**EXERCISE GOAL**
Emit all the data exactly as provided.

○ ○ ○ ○ ○ ○ ○

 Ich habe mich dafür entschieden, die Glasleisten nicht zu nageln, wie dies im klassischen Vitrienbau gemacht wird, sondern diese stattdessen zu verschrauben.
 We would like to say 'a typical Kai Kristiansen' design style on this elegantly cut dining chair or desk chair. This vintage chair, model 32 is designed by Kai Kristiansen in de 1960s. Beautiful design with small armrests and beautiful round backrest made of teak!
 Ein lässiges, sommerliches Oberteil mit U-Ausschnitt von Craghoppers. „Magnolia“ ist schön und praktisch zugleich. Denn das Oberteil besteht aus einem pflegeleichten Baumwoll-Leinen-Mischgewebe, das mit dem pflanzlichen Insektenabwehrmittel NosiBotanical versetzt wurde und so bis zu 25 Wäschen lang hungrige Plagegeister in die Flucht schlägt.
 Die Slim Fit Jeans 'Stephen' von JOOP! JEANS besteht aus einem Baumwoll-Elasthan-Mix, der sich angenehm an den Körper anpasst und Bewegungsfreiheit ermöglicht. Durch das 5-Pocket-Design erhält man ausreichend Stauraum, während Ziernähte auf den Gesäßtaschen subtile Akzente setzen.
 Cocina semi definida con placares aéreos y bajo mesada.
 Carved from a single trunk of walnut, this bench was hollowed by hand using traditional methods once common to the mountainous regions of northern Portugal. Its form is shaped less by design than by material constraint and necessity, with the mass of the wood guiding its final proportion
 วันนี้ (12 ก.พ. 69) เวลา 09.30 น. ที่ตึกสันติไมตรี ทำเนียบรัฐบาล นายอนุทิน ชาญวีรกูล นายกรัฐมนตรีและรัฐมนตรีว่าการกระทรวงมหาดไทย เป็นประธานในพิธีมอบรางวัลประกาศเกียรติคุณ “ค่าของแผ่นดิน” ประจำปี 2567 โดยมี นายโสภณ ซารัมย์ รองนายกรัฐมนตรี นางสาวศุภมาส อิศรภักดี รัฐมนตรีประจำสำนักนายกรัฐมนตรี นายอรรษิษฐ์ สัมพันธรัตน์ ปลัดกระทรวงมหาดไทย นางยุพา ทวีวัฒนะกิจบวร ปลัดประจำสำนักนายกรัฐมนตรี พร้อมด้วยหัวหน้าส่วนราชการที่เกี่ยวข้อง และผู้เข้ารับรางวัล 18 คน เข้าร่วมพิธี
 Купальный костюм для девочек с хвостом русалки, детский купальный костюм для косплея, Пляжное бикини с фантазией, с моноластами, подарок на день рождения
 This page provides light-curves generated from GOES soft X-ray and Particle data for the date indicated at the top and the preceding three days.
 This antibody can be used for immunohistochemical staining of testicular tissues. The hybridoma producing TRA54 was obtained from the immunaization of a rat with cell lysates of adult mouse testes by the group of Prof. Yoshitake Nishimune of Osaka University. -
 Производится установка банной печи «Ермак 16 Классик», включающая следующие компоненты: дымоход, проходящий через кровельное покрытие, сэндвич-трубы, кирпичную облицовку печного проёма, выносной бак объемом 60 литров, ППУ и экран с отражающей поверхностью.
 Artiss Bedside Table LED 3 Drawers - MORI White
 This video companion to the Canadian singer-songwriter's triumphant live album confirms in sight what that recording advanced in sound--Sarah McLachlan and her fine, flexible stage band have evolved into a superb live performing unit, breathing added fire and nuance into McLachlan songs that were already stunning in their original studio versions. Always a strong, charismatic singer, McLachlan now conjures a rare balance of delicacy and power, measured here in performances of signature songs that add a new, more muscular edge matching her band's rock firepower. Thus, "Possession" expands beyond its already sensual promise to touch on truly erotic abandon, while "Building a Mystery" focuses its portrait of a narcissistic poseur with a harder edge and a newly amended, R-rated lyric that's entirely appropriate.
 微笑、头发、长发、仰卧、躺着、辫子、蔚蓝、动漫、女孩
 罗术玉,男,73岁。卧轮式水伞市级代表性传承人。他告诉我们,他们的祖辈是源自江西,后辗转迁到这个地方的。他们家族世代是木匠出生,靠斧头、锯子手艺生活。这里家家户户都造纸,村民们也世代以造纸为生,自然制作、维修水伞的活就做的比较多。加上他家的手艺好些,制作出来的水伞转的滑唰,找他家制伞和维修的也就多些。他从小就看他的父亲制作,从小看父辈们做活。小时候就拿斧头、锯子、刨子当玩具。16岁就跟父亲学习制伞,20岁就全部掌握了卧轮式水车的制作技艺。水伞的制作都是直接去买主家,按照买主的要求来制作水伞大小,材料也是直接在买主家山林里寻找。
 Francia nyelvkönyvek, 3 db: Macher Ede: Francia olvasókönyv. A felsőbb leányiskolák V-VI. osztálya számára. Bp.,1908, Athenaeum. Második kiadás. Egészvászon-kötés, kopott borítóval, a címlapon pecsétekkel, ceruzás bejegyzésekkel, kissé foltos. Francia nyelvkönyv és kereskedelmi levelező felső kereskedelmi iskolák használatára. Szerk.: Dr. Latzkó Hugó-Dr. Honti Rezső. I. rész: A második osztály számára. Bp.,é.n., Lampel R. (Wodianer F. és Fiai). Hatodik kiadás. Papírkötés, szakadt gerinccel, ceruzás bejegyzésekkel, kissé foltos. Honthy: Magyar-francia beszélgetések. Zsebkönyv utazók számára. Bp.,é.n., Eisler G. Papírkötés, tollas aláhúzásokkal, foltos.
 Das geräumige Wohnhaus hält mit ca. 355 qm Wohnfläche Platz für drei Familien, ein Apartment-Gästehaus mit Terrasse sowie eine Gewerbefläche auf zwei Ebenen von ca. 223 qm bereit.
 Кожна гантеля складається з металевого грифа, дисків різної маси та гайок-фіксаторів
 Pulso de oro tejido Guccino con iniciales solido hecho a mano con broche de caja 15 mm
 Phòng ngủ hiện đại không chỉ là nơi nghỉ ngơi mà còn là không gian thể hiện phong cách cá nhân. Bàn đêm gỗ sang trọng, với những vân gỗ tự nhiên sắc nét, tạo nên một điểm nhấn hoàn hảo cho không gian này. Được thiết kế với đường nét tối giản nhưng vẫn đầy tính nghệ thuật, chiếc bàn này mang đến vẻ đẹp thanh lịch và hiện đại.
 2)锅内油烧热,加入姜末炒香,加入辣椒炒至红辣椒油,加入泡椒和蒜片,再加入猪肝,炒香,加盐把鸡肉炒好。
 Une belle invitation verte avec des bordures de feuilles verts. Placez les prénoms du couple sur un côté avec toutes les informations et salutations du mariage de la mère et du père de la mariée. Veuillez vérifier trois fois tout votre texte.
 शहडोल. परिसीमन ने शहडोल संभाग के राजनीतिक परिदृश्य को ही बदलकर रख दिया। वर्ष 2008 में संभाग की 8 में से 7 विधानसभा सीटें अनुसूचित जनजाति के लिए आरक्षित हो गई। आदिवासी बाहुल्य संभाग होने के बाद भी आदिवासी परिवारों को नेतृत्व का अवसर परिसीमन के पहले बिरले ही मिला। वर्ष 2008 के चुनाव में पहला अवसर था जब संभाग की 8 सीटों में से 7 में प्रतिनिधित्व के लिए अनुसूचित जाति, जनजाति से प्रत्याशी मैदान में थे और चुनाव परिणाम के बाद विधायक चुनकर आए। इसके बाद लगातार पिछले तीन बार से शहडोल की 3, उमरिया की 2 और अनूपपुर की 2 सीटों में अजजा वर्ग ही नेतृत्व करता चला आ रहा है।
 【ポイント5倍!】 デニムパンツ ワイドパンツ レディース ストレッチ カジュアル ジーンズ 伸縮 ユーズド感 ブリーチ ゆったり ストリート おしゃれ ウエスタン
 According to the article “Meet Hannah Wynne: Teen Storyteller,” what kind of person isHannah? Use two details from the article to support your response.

○ ○ ○ ○ ○ ○ ○

**COMPLETED EXERCISE**
 Ich habe mich dafür entschieden, die Glasleisten nicht zu nageln, wie dies im klassischen Vitrienbau gemacht wird, sondern diese stattdessen zu verschrauben.
 We would like to say 'a typical Kai Kristiansen' design style on this elegantly cut dining chair or desk chair. This vintage chair, model 32 is designed by Kai Kristiansen in de 1960s. Beautiful design with small armrests and beautiful round backrest made of teak!
 Ein lässiges, sommerliches Oberteil mit U-Ausschnitt von Craghoppers. „Magnolia“ ist schön und praktisch zugleich. Denn das Oberteil besteht aus einem pflegeleichten Baumwoll-Leinen-Mischgewebe, das mit dem pflanzlichen Insektenabwehrmittel NosiBotanical versetzt wurde und so bis zu 25 Wäschen lang hungrige Plagegeister in die Flucht schlägt.
 Die Slim Fit Jeans 'Stephen' von JOOP! JEANS besteht aus einem Baumwoll-Elasthan-Mix, der sich angenehm an den Körper anpasst und Bewegungsfreiheit ermöglicht. Durch das 5-Pocket-Design erhält man ausreichend Stauraum, während Ziernähte auf den Gesäßtaschen subtile Akzente setzen.
 Cocina semi definida con placares aéreos y bajo mesada.
 Carved from a single trunk of walnut, this bench was hollowed by hand using traditional methods once common to the mountainous regions of northern Portugal. Its form is shaped less by design than by material constraint and necessity, with the mass of the wood guiding its final proportion
 วันนี้ (12 ก.พ. 69) เวลา 09.30 น. ที่ตึกสันติไมตรี ทำเนียบรัฐบาล นายอนุทิน ชาญวีรกูล นายกรัฐมนตรีและรัฐมนตรีว่าการกระทรวงมหาดไทย เป็นประธานในพิธีมอบรางวัลประกาศเกียรติคุณ “ค่าของแผ่นดิน” ประจำปี 2567 โดยมี นายโสภณ ซารัมย์ รองนายกรัฐมนตรี นางสาวศุภมาส อิศรภักดี รัฐมนตรีประจำสำนักนายกรัฐมนตรี นายอรรษิษฐ์ สัมพันธรัตน์ ปลัดกระทรวงมหาดไทย นางยุพา ทวีวัฒนะกิจบวร ปลัดประจำสำนักนายกรัฐมนตรี พร้อมด้วยหัวหน้าส่วนราชการที่เกี่ยวข้อง และผู้เข้ารับรางวัล 18 คน เข้าร่วมพิธี
 Купальный костюм для девочек с хвостом русалки, детский купальный костюм для косплея, Пляжное бикини с фантазией, с моноластами, подарок на день рождения
 This page provides light-curves generated from GOES soft X-ray and Particle data for the date indicated at the top and the preceding three days.
 This antibody can be used for immunohistochemical staining of testicular tissues. The hybridoma producing TRA54 was obtained from the immunaization of a rat with cell lysates of adult mouse testes by the group of Prof. Yoshitake Nishimune of Osaka University. -
 Производится установка банной печи «Ермак 16 Классик», включающая следующие компоненты: дымоход, проходящий через кровельное покрытие, сэндвич-трубы, кирпичную облицовку печного проёма, выносной бак объемом 60 литров, ППУ и экран с отражающей поверхностью.
 Artiss Bedside Table LED 3 Drawers - MORI White
 This video companion to the Canadian singer-songwriter's triumphant live album confirms in sight what that recording advanced in sound--Sarah McLachlan and her fine, flexible stage band have evolved into a superb live performing unit, breathing added fire and nuance into McLachlan songs that were already stunning in their original studio versions. Always a strong, charismatic singer, McLachlan now conjures a rare balance of delicacy and power, measured here in performances of signature songs that add a new, more muscular edge matching her band's rock firepower. Thus, "Possession" expands beyond its already sensual promise to touch on truly erotic abandon, while "Building a Mystery" focuses its portrait of a narcissistic poseur with a harder edge and a newly amended, R-rated lyric that's entirely appropriate.
 微笑、头发、长发、仰卧、躺着、辫子、蔚蓝、动漫、女孩
 罗术玉,男,73岁。卧轮式水伞市级代表性传承人。他告诉我们,他们的祖辈是源自江西,后辗转迁到这个地方的。他们家族世代是木匠出生,靠斧头、锯子手艺生活。这里家家户户都造纸,村民们也世代以造纸为生,自然制作、维修水伞的活就做的比较多。加上他家的手艺好些,制作出来的水伞转的滑唰,找他家制伞和维修的也就多些。他从小就看他的父亲制作,从小看父辈们做活。小时候就拿斧头、锯子、刨子当玩具。16岁就跟父亲学习制伞,20岁就全部掌握了卧轮式水车的制作技艺。水伞的制作都是直接去买主家,按照买主的要求来制作水伞大小,材料也是直接在买主家山林里寻找。
 Francia nyelvkönyvek, 3 db: Macher Ede: Francia olvasókönyv. A felsőbb leányiskolák V-VI. osztálya számára. Bp.,1908, Athenaeum. Második kiadás. Egészvászon-kötés, kopott borítóval, a címlapon pecsétekkel, ceruzás bejegyzésekkel, kissé foltos. Francia nyelvkönyv és kereskedelmi levelező felső kereskedelmi iskolák használatára. Szerk.: Dr. Latzkó Hugó-Dr. Honti Rezső. I. rész: A második osztály számára. Bp.,é.n., Lampel R. (Wodianer F. és Fiai). Hatodik kiadás. Papírkötés, szakadt gerinccel, ceruzás bejegyzésekkel, kissé foltos. Honthy: Magyar-francia beszélgetések. Zsebkönyv utazók számára. Bp.,é.n., Eisler G. Papírkötés, tollas aláhúzásokkal, foltos.
 Das geräumige Wohnhaus hält mit ca. 355 qm Wohnfläche Platz für drei Familien, ein Apartment-Gästehaus mit Terrasse sowie eine Gewerbefläche auf zwei Ebenen von ca. 223 qm bereit.
 Кожна гантеля складається з металевого грифа, дисків різної маси та гайок-фіксаторів
 Pulso de oro tejido Guccino con iniciales solido hecho a mano con broche de caja 15 mm
 Phòng ngủ hiện đại không chỉ là nơi nghỉ ngơi mà còn là không gian thể hiện phong cách cá nhân. Bàn đêm gỗ sang trọng, với những vân gỗ tự nhiên sắc nét, tạo nên một điểm nhấn hoàn hảo cho không gian này. Được thiết kế với đường nét tối giản nhưng vẫn đầy tính nghệ thuật, chiếc bàn này mang đến vẻ đẹp thanh lịch và hiện đại.
 2)锅内油烧热,加入姜末炒香,加入辣椒炒至红辣椒油,加入泡椒和蒜片,再加入猪肝,炒香,加盐把鸡肉炒好。
 Une belle invitation verte avec des bordures de feuilles verts. Placez les prénoms du couple sur un côté avec toutes les informations et salutations du mariage de la mère et du père de la mariée. Veuillez vérifier trois fois tout votre texte.
 शहडोल. परिसीमन ने शहडोल संभाग के राजनीतिक परिदृश्य को ही बदलकर रख दिया। वर्ष 2008 में संभाग की 8 में से 7 विधानसभा सीटें अनुसूचित जनजाति के लिए आरक्षित हो गई। आदिवासी बाहुल्य संभाग होने के बाद भी आदिवासी परिवारों को नेतृत्व का अवसर परिसीमन के पहले बिरले ही मिला। वर्ष 2008 के चुनाव में पहला अवसर था जब संभाग की 8 सीटों में से 7 में प्रतिनिधित्व के लिए अनुसूचित जाति, जनजाति से प्रत्याशी मैदान में थे और चुनाव परिणाम के बाद विधायक चुनकर आए। इसके बाद लगातार पिछले तीन बार से शहडोल की 3, उमरिया की 2 और अनूपपुर की 2 सीटों में अजजा वर्ग ही नेतृत्व करता चला आ रहा है।
 【ポイント5倍!】 デニムパンツ ワイドパンツ レディース ストレッチ カジュアル ジーンズ 伸縮 ユーズド感 ブリーチ ゆったり ストリート おしゃれ ウエスタン
 According to the article “Meet Hannah Wynne: Teen Storyteller,” what kind of person isHannah? Use two details from the article to support your response.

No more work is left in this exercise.